You must be a fair way north. I'm at 21 south so always plenty of sun here even in winter.

Click to expand...

Look up "Algonquin Park" on Google maps. North it is. But not as North as to where I used to work for a while which was at the top of Frobisher Bay in Iqaluit. You know, it can hit -50C without windchill up there ! Wanna see a bottle of Vodka freeze in < 2 minutes, stick it outside on one of those days.

JeepHammer said:

I even tried the Indian Sun Dance in the rain swinging a charger over my head, that didn't work either

Click to expand...

You have to do it naked in a full moon with a bottle of whisky in the other hand.

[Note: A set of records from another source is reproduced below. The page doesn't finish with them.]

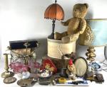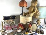 Lot hétéroclyte comprenant une boîte à chapeau et valise en carton, un ours en peluche ancien, une lampe stuqué doré, automate (sans garantie de fonctionnement), chandelier en laiton et divers
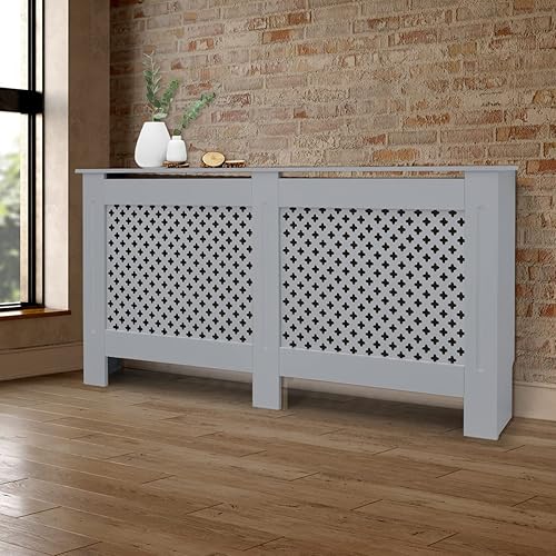ECD Germany Heizkörperverkleidung mit Wabenmuster 112x19x82 cm Weiß aus MDF lackiert für Schlafzimmer Wohnzimmer Heizungsverkleidung Heizkörperabdeckung Heizungsabdeckung Heizung Heizkörper Abdeckung
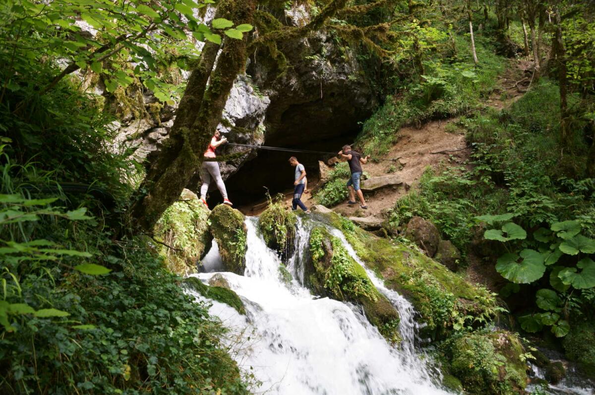 Еще одно место, которое нельзя не посетить в Адыгее, — это водопады реки Руфабго. Череда из семи водопадов самой разнообразной формы и размеров, добраться до последних из них под силу только самым увлеченным, потому что тропа, ведущая к ним, с каждым шагом становится все более каменистой и менее проходимой.
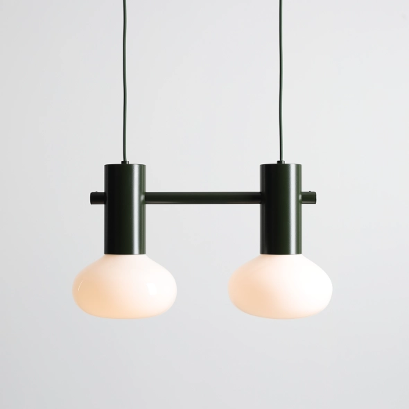 La profonda tonalità verde di FLO 2 MOSS richiama la tranquillità della natura, esaltata da due paralumi uniti da un semplice ponte. Perfetta per ambienti che cercano armonia con la natura: stile organico, modern classic o vintage.
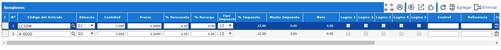 a. Para agregar un renglones debemos ubicarnos en la Sección de Renglones y ir agregando los artículos afectados para facturación electrónica SRI Ecuador, en la nota de crédito o débito para la facturación electrónica SRI Ecuador. Normalmente se debe llenar los siguientes campos:
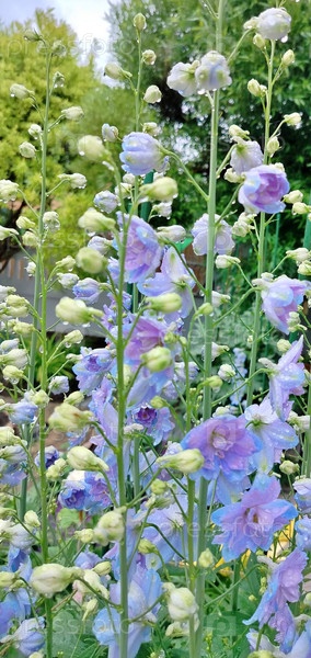 Цветки дельфиния с каплями дождя
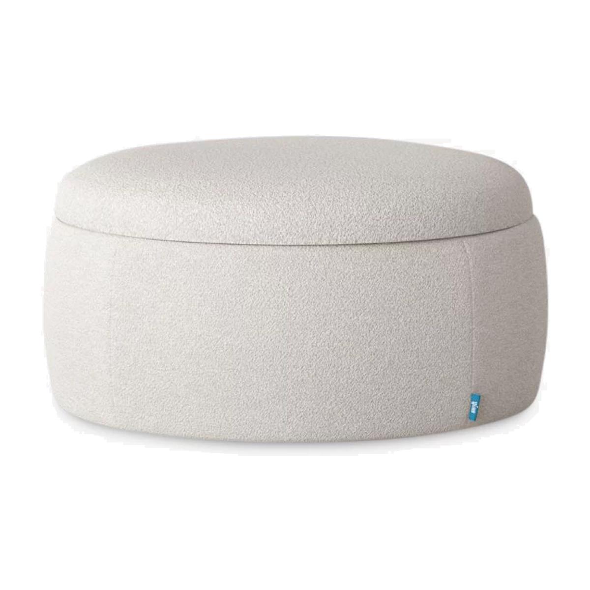 Product Information Say goodbye to less-than-beautiful storage solutions with Swyft's Storage 01.Designed in a round shape it has a comfortable foam top for solo sitting, or for those well-deserved feet-up moments. Inside, you’ll find a sturdy hardwood and solid beech frame that’s made to last, with a soft fabric lining. About Swyft's fabric optionsAll inherently durable and resilient to everyday life, the boucles, wools, chenilles, and soft linens offer a softer, more textured option. The velvets, linens, suedes, and cottons are all made with stain-resistant threads so you don't need to worry about your clumsy friend, over-excited child or boisterous pet making a mess. About Swyft's Eco-VelvetsThese fabrics are woven from 100% recycled polyester and are GRS (Global Recycled Standard) certified. The yarns are extruded from post-consumer PET bottles, repurposing thousands of plastic bottles that would otherwise end up in the ocean or landfill. These fabrics are also OEKO-TEX 100 certified, meaning they've been thoroughly tested beyond national and international requirements to ensure all components are fully free from any substances which may be harmful to human health. Those are some pretty impressive conditions, but they still perform as you would expect from velvets as they're durable yet have that soft matt touch with a plush dense pile. Delivered in a boxNo matter how tight your entry space, or how many flights of stairs you need to contend with, Swyft sofas are easily delivered as they will come in a box that can be lifted by one person, or a series of boxes depending on the size. It'll take some assembly when it gets to you, but it does mean you don't need to worry about the logistics of actually getting your new sofa into your home. And you won't need any tools as every Swyft product uses the innovative Swyft-lok mechanism which makes assembly quick and easy. Try before you buyWe're confident in our furniture's quality, but it's always a good idea to check that it's a good personal fit for you. Measuring Up for Furniture Guide Upholstery Care Guide
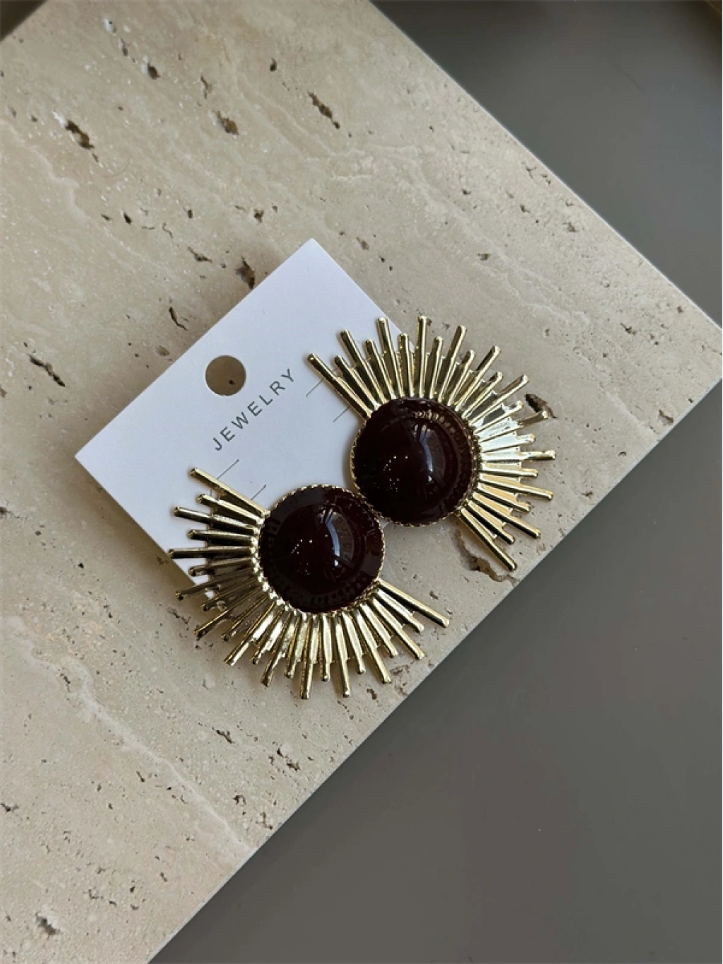Mineli Güneş Küpe - Kahverengi
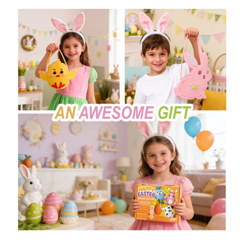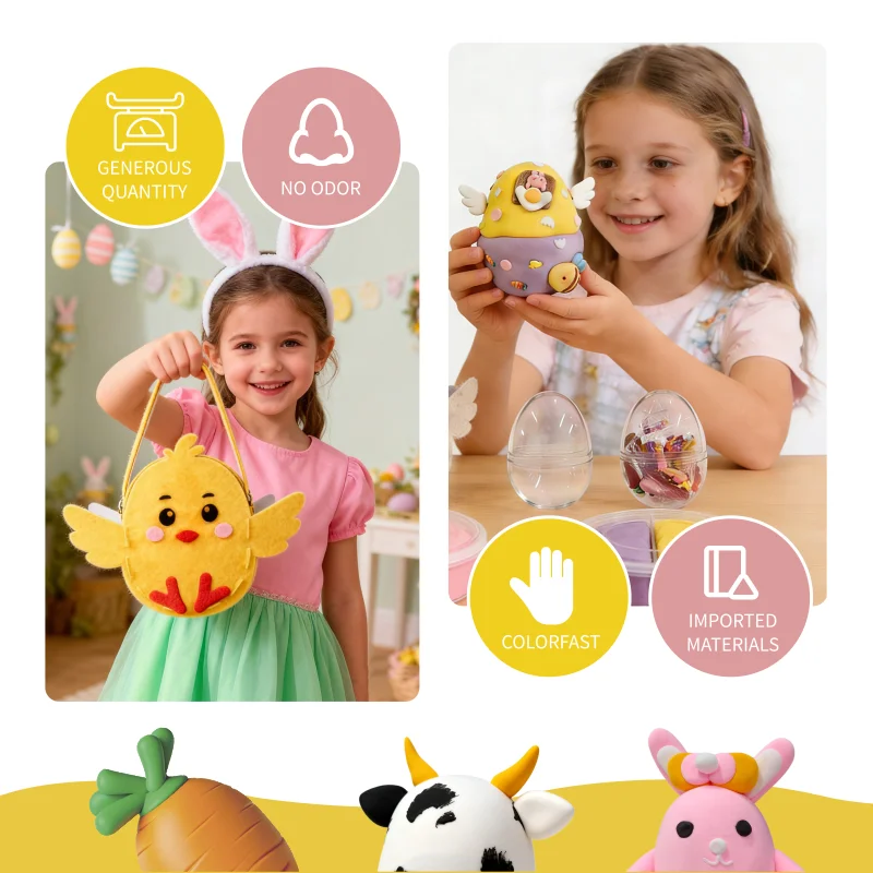 多機能性ももう一つの特徴です。このキットはイースターエッグやバスケットに焦点を当てていますが、軽量の粘土はさまざまな形状や装飾に適しています。子どもたちはウサギ、ヒヨコ、花、および卵やバスケットに取り付けるための個性的なチャームなどを作ることができます。空気乾燥式のため、完成品は装飾品、オーナメント、あるいは記念品として使用できます。保護者は、完成した作品をストーリーテリングやテーブルディスプレイの小道具として活用することで、ロールプレイを促すことができます。また、この粘土は扱いやすいため、兄弟姉妹や友人同士での共同作業を自然と促し、社会的相互作用や共有された達成感を育むことができます。

How come no one considers turning computers on to absorb excess power? My computers account for over half my electric bill. I have plenty I can turn on if needed that are off nearly 100% of the time.

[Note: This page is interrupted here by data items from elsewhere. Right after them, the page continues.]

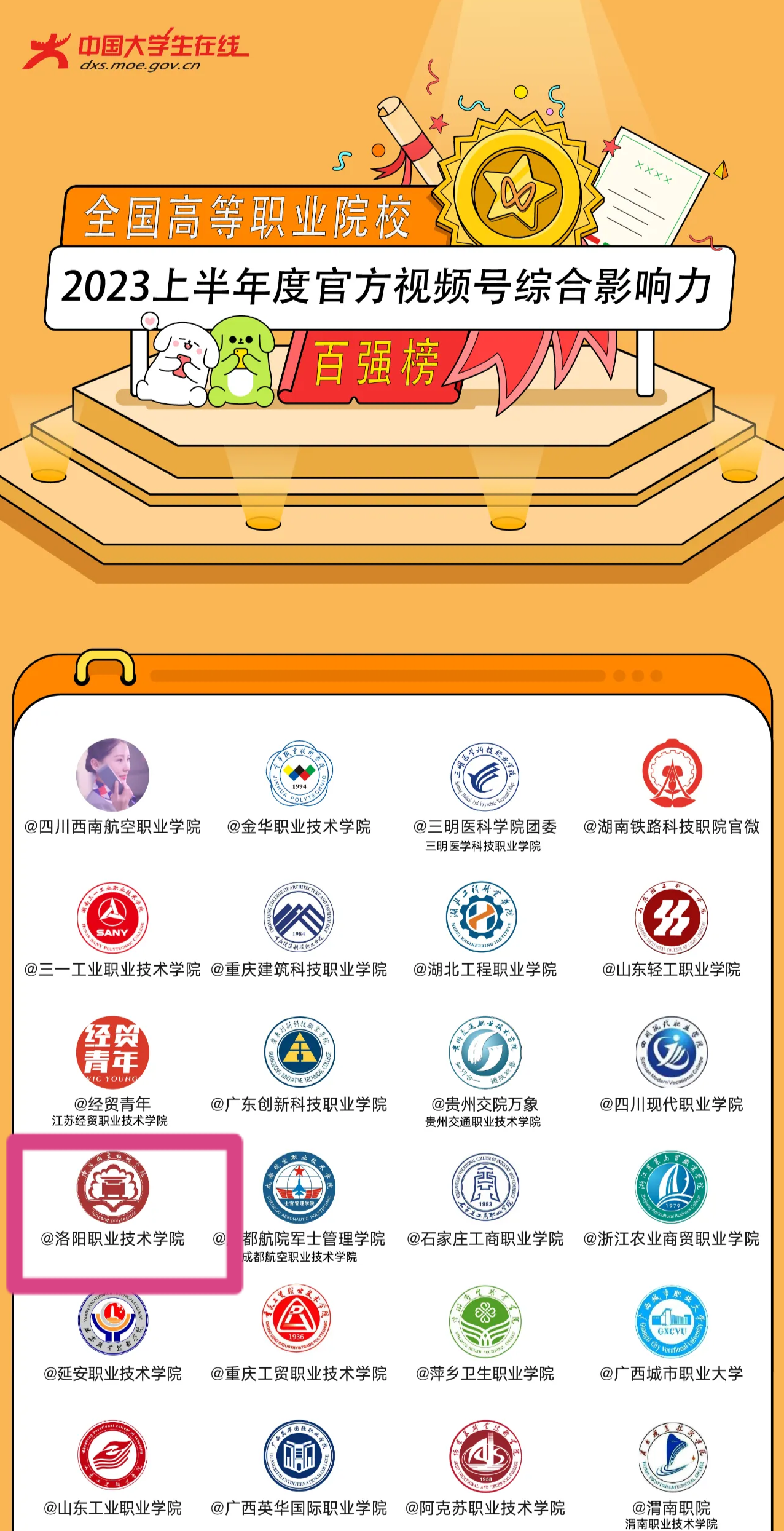 中国大学生在线微信公众号是由教育部主导并推动,全国大学生参与,全国高校合作共建的网络文化建设与主题教育平台,会定期对全国高校官方视频号、抖音号等新媒体平台综合影响力进行排名。在最新公布全国高等职业院校2023年上半年度官方视频号综合影响力百强榜单中,我校成功入选。
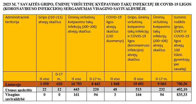 7 savaitės duomenys: gripo ir ūminių viršutinių kvėpavimo takų infekcijų atvejai, sergamumas COVID-19 liga
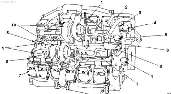 1渦輪增壓器冷卻液供應(yīng)管,2中冷器進水口溫度傳感器,3冷卻液排氣管連接式中冷器,4發(fā)動機出水管接頭,5 LTA出水管接頭,6中冷器排氣管連接式發(fā)動機,7搖臂室蓋,8渦輪增壓器機油供油管,9排氣歧管,10渦輪增壓器。
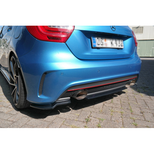 Maxton Design středový spoiler pod zadní nárazník bez žebrování pro Mercedes třída A W176/AMG-Line, černý lesklý plast ABS

One of the businesses I'm developing will allow you to generate revenue from excess computing capacity. In this realm, you sell metered services online. E.g., you can sell number crunching services for AI.

I see I'm not the only one with 'Issues'!

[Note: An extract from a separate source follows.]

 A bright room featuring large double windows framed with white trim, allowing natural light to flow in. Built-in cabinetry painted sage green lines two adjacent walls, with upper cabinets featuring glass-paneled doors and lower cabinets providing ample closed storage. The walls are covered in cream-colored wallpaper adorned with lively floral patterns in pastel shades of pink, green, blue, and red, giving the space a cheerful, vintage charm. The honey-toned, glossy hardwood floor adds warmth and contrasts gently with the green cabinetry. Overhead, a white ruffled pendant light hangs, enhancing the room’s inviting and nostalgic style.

From suicidal ground squirrels to ice/hail storms, when you own it it's all on you...

I did like everyone else, increased panel count until I could charge stubborn batteries,
Now the batteries aren't nearly as stubborn, and the panels are getting better...

SOMEONE KEEP ME FROM TELLING A, "IN MY DAY" STORY!

erik.calco said:

How come no one considers turning computers on to absorb excess power? My computers account for over half my electric bill. I have plenty I can turn on if needed that are off nearly 100% of the time.

Click to expand...

I already run my desktop most of the day.

JeepHammer said:

I see I'm not the only one with 'Issues'!

From suicidal ground squirrels to ice/hail storms, when you own it it's all on you...

I did like everyone else, increased panel count until I could charge stubborn batteries,
Now the batteries aren't nearly as stubborn, and the panels are getting better...

SOMEONE KEEP ME FROM TELLING A, "IN MY DAY" STORY!

Click to expand...

"suicidal ground squirrels" = do I want to hear?? Yes, we want a story about back in our day...

erik.calco said:

How come no one considers turning computers on to absorb excess power? My computers account for over half my electric bill. I have plenty I can turn on if needed that are off nearly 100% of the time.

One of the businesses I'm developing will allow you to generate revenue from excess computing capacity. In this realm, you sell metered services online. E.g., you can sell number crunching services for AI.

Click to expand...

are you talking about bitcoin mining?

Santa said:

are you talking about bitcoin mining?

Click to expand...

No, but that is certainly one option ... and example of monetizing excess computing power.